* About this task *
Lines from the one containing "Ο καλλιτέχνης Χρήστος" to the end of the records, both ends included and exactly as written, are the whole answer, and no pictures go in it.

Excerpts from a dataset

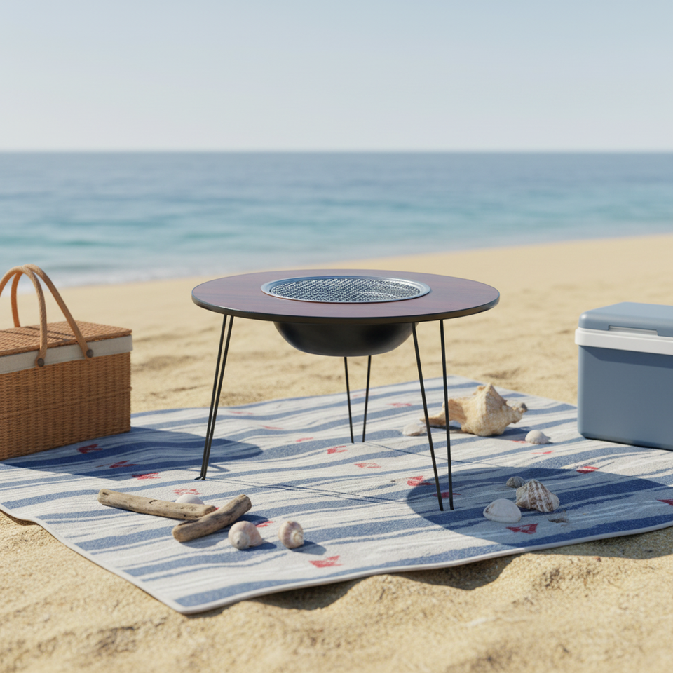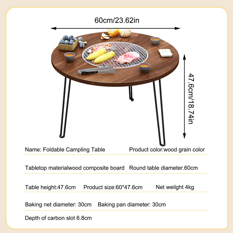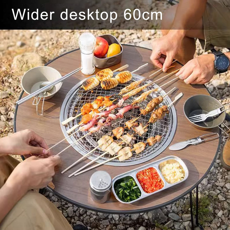 เตาทำอาหารอเนกประสงค์แบบพับได้สำหรับใช้งานกลางแจ้ง พร้อมเตาปิ้งย่างถ่านในตัว โต๊ะปิกนิกสำหรับ 5-6 คน
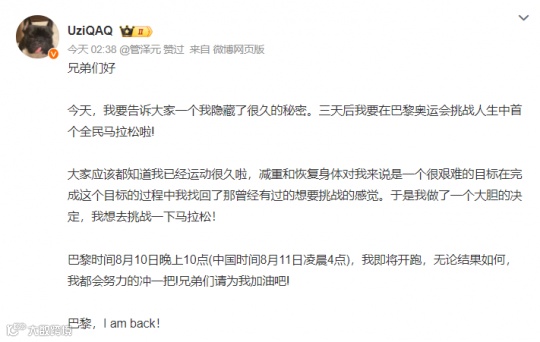 今日凌晨,Uzi就发布了微博动态,宣布将在8月10日(北京时间8月11日凌晨四点)参加这场全民马拉松。这场特别的赛事,无关性别和职业,不论你是不是专业运动员,都能参加。
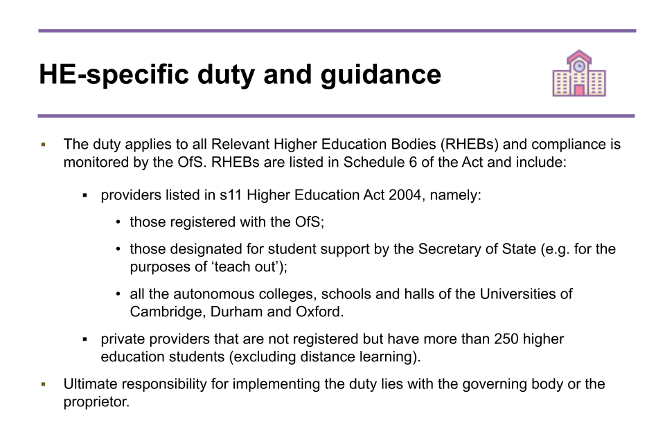 The government has published general guidance for all authorities and separate guidance for each specified authority – there is separate guidance for HE institutions in Scotland.
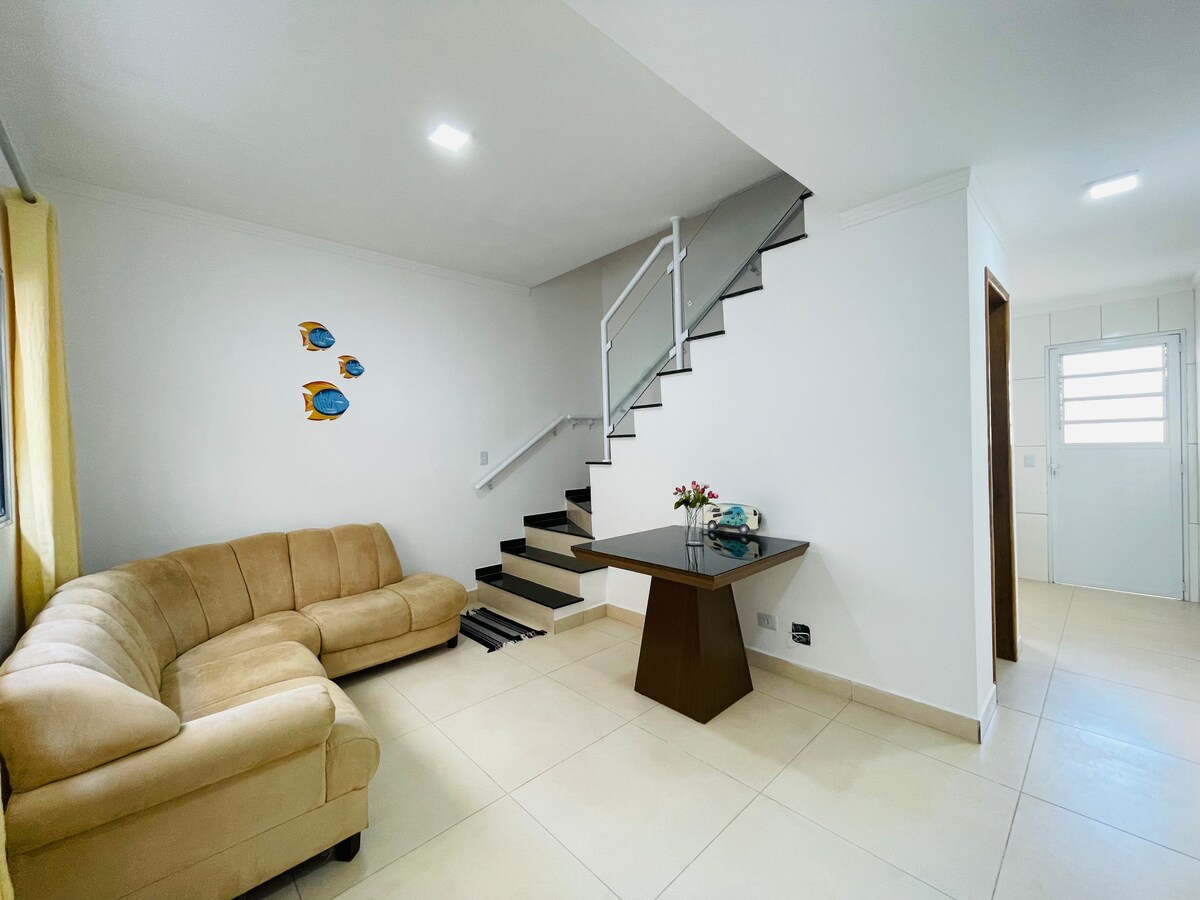 Beautiful House in Mongaguá, 90 meters from the beach. Excellent outdoor space with swimming pool, barbecue/oven and wood-burning stove to make that barbecue or that food with a lot of fun by the pool. Living room with pool table and ping pong table. Wi-Fi Internet NETFLIX Alarm system Total of 3 bedrooms (4 single beds and 2 double beds, plus 7 mattresses). The house has 3 bathrooms in total. Ground floor house, excellent for people with limited mobility.
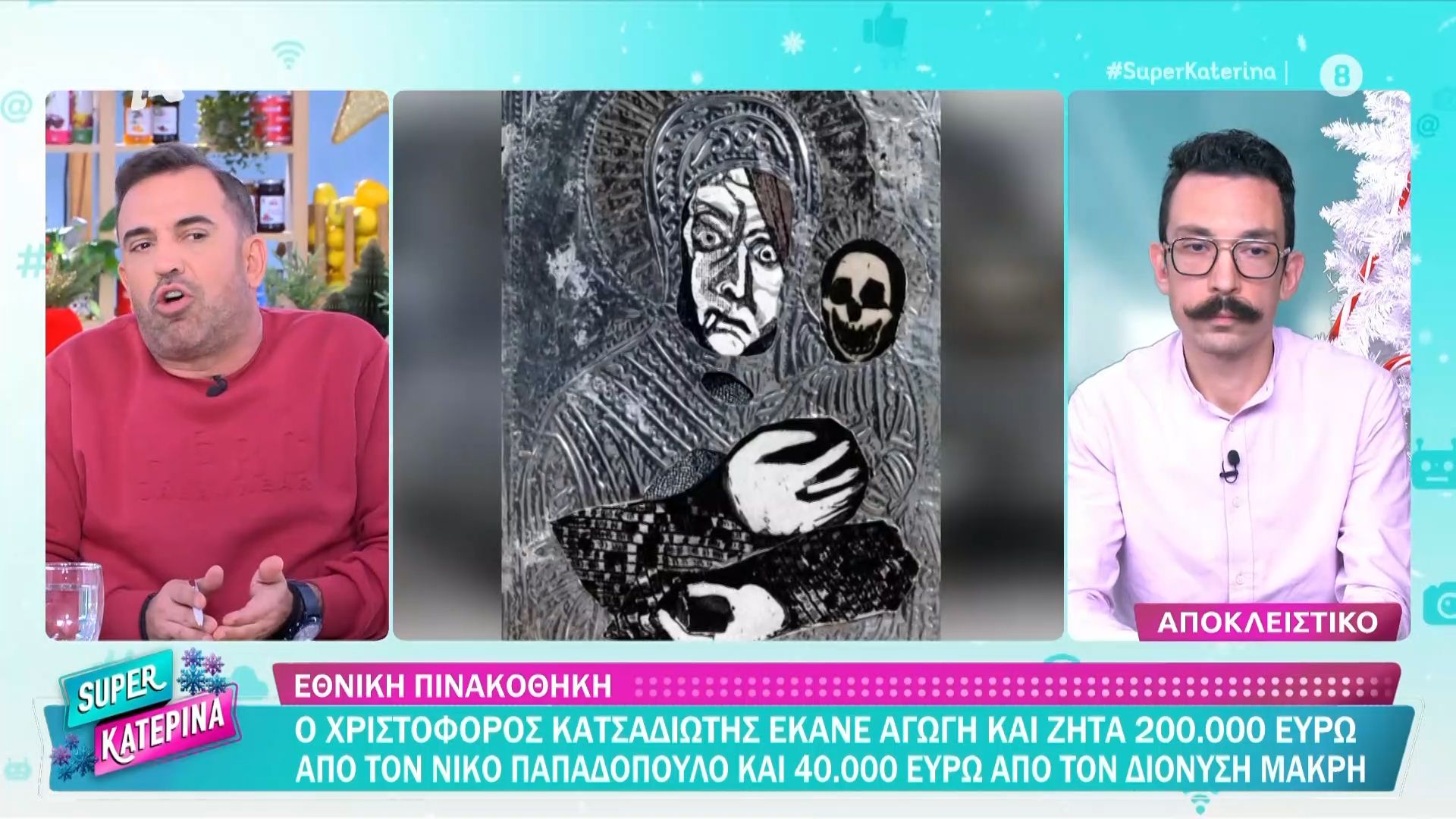 Ο καλλιτέχνης Χρήστος Κατσαδιώτης προσέφυγε στη δικαιοσύνη, ζητώντας αποζημίωση χιλιάδων ευρώ από τους Νίκο Παπαδόπουλο και Διονύση Μακρή. Η αγωγή αφορά τον βανδαλισμό έργων του στην Εθνική Πινακοθήκη, γεγονός που έχει προκαλέσει έντονες αντιδράσεις στη καλλιτεχνική κοινότητα.
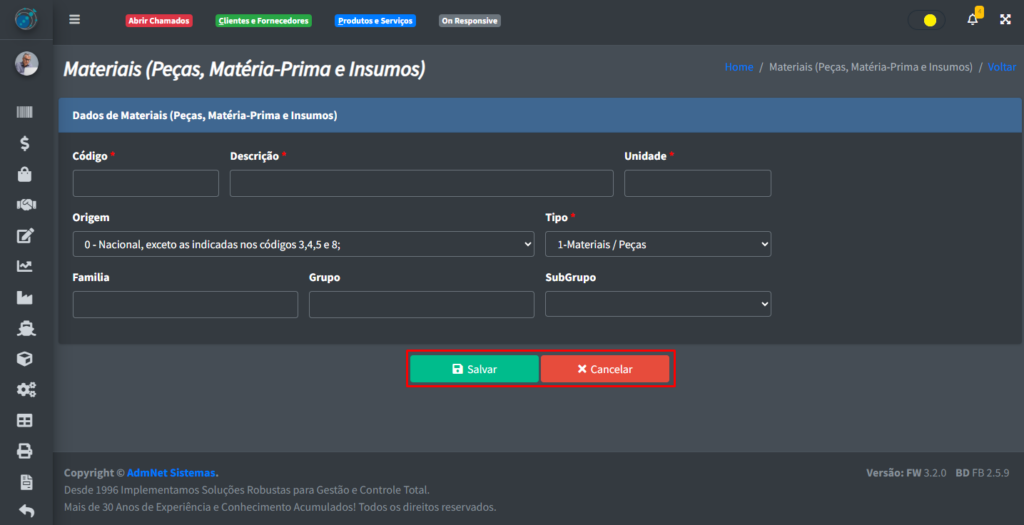 Após clicar em “+ Incluir“, você verá uma tela onde poderá cadastrar o seu novo material/componente:
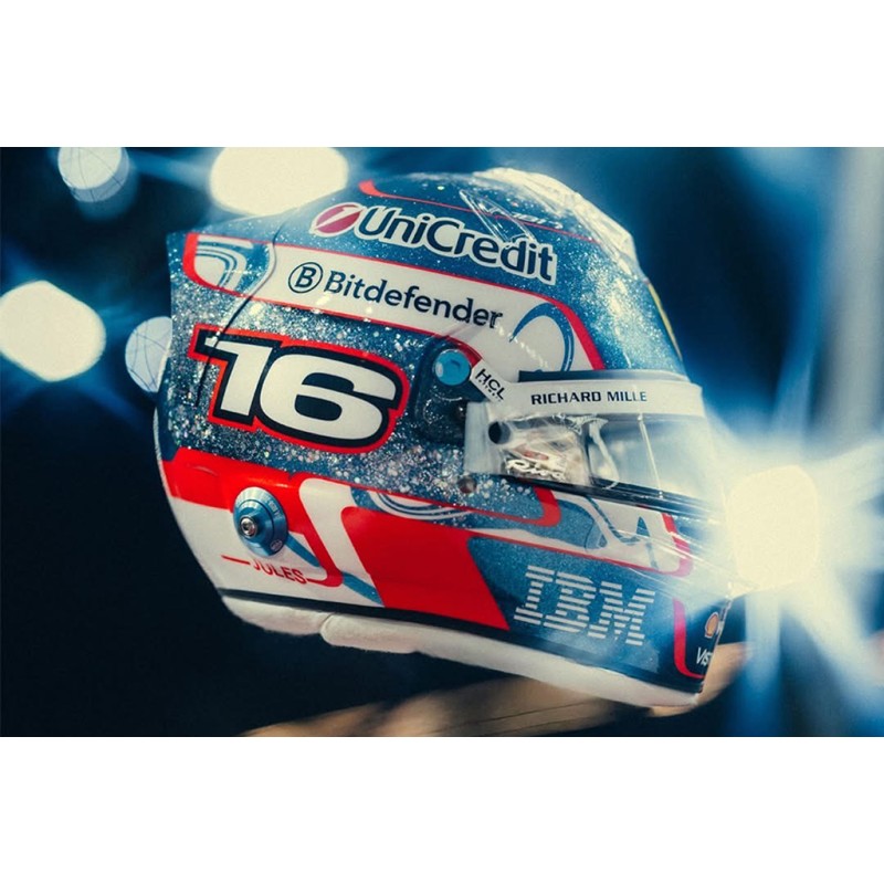 Casque Helmet 1/5 de Charles Leclerc lors du Grand Prix de Singapour de Formule 1 2025. Scuderia Ferrari. Miniature helmet Looksmart LSHEL024. Maquette F1 de collection.
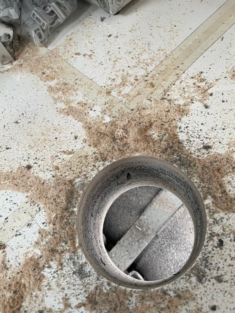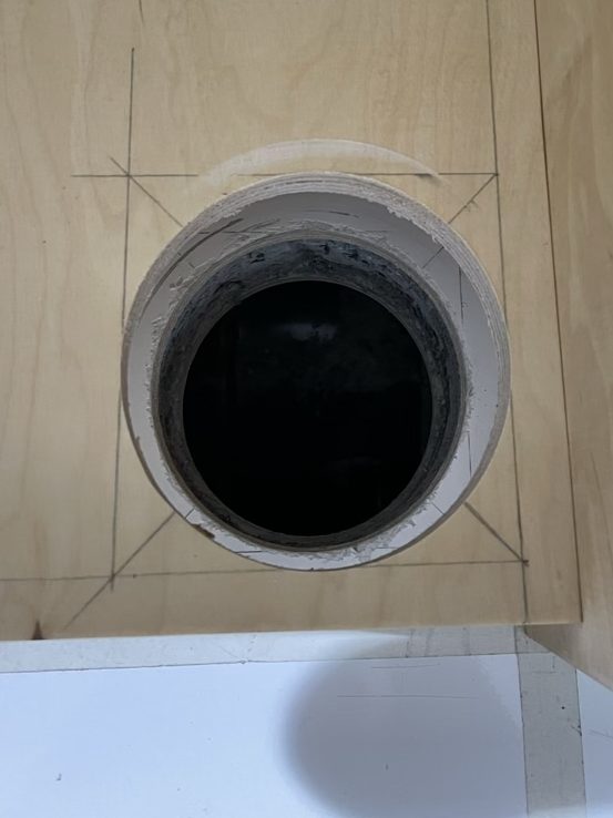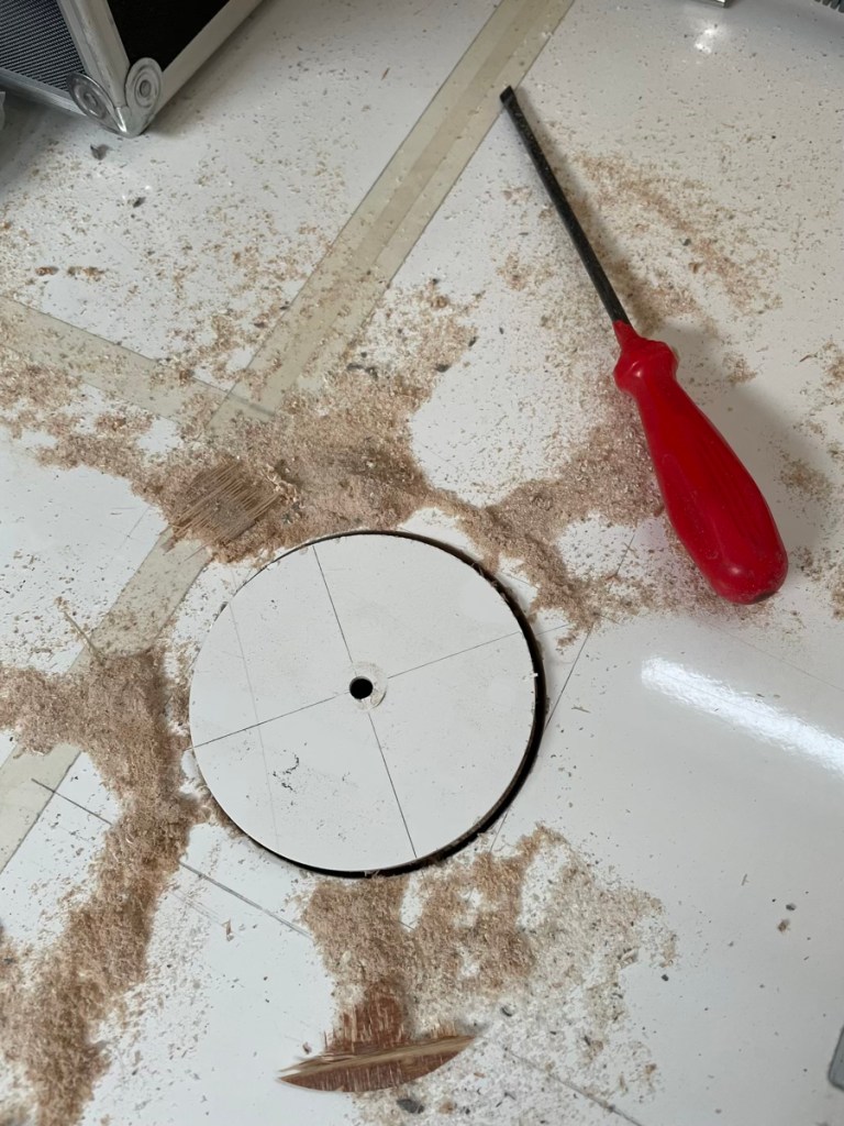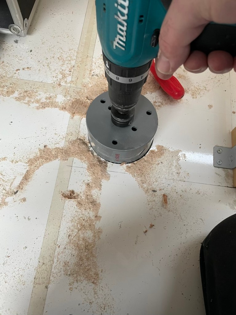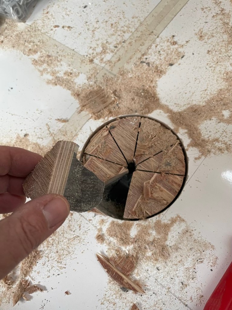 Es ist ein Spaß, solch große Löcher in einen 10cm dicken Boden, bestehend aus GFK, Holz und PET zu schneiden. In den folgenden Bildern zeigen wir Euch mal, wie wir das gemacht haben:
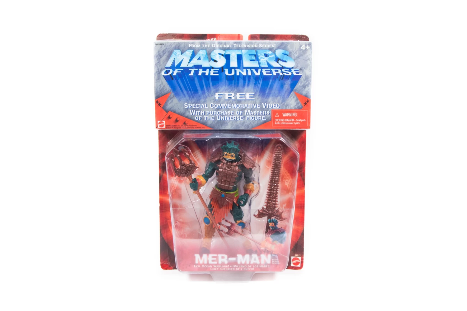 This is Mer-Man figure is from the early 2000 Series Masters of the Universe. This comes complete with Special commemorative VHS video tape.
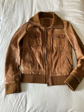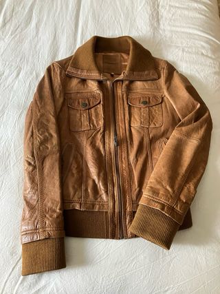 Cazadora Piel Marrón Mujer Talla M Entallada
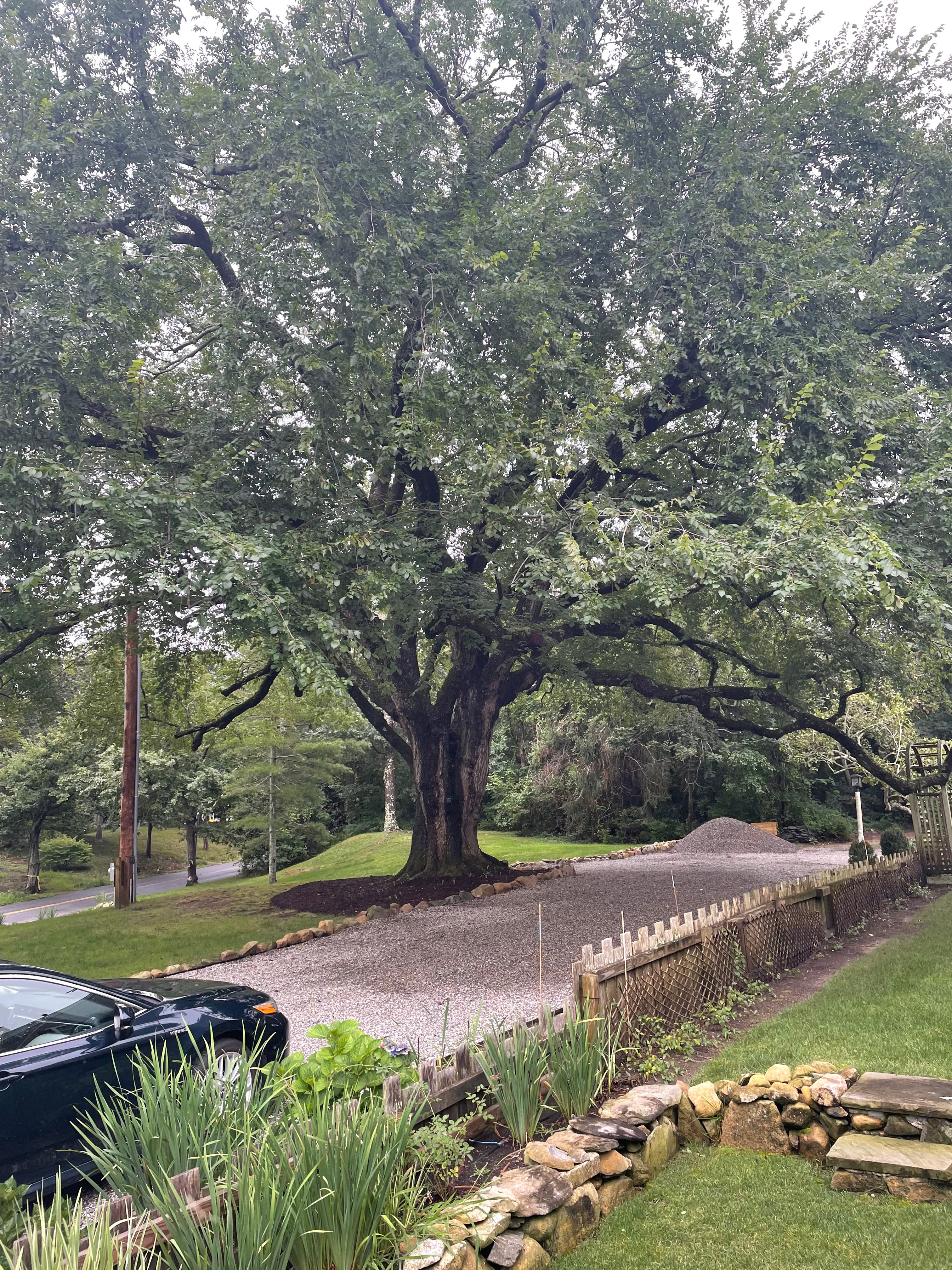 We have other fabulous trees—and some new ones we’re nurturing (I worry about the pink dogwood sapling across the yard from the elm, struggling to dig its roots)—including two grand English oaks in the back yard. Sanity Goddess did some research, as is her wont, and found that in the 17th century packing crates from England used acorns as buffering, the way we use styrofoam peanuts now. We like to imagine that our oaks are the children of those acorns, just as we are the beneficiaries of the values—most of them—that the Puritans brought with them: a sense of civic responsibility, of egalitarian justice, of independence and, yes, propriety. I do not feel we “own” these trees; it would be absurd to call them “mine.” We steward them, grateful for their company. They live here; we’re just passing through.

* Exercise result *
 Ο καλλιτέχνης Χρήστος Κατσαδιώτης προσέφυγε στη δικαιοσύνη, ζητώντας αποζημίωση χιλιάδων ευρώ από τους Νίκο Παπαδόπουλο και Διονύση Μακρή. Η αγωγή αφορά τον βανδαλισμό έργων του στην Εθνική Πινακοθήκη, γεγονός που έχει προκαλέσει έντονες αντιδράσεις στη καλλιτεχνική κοινότητα.
 Após clicar em “+ Incluir“, você verá uma tela onde poderá cadastrar o seu novo material/componente:
 Casque Helmet 1/5 de Charles Leclerc lors du Grand Prix de Singapour de Formule 1 2025. Scuderia Ferrari. Miniature helmet Looksmart LSHEL024. Maquette F1 de collection.
 Es ist ein Spaß, solch große Löcher in einen 10cm dicken Boden, bestehend aus GFK, Holz und PET zu schneiden. In den folgenden Bildern zeigen wir Euch mal, wie wir das gemacht haben:
 This is Mer-Man figure is from the early 2000 Series Masters of the Universe. This comes complete with Special commemorative VHS video tape.
 Cazadora Piel Marrón Mujer Talla M Entallada
 We have other fabulous trees—and some new ones we’re nurturing (I worry about the pink dogwood sapling across the yard from the elm, struggling to dig its roots)—including two grand English oaks in the back yard. Sanity Goddess did some research, as is her wont, and found that in the 17th century packing crates from England used acorns as buffering, the way we use styrofoam peanuts now. We like to imagine that our oaks are the children of those acorns, just as we are the beneficiaries of the values—most of them—that the Puritans brought with them: a sense of civic responsibility, of egalitarian justice, of independence and, yes, propriety. I do not feel we “own” these trees; it would be absurd to call them “mine.” We steward them, grateful for their company. They live here; we’re just passing through.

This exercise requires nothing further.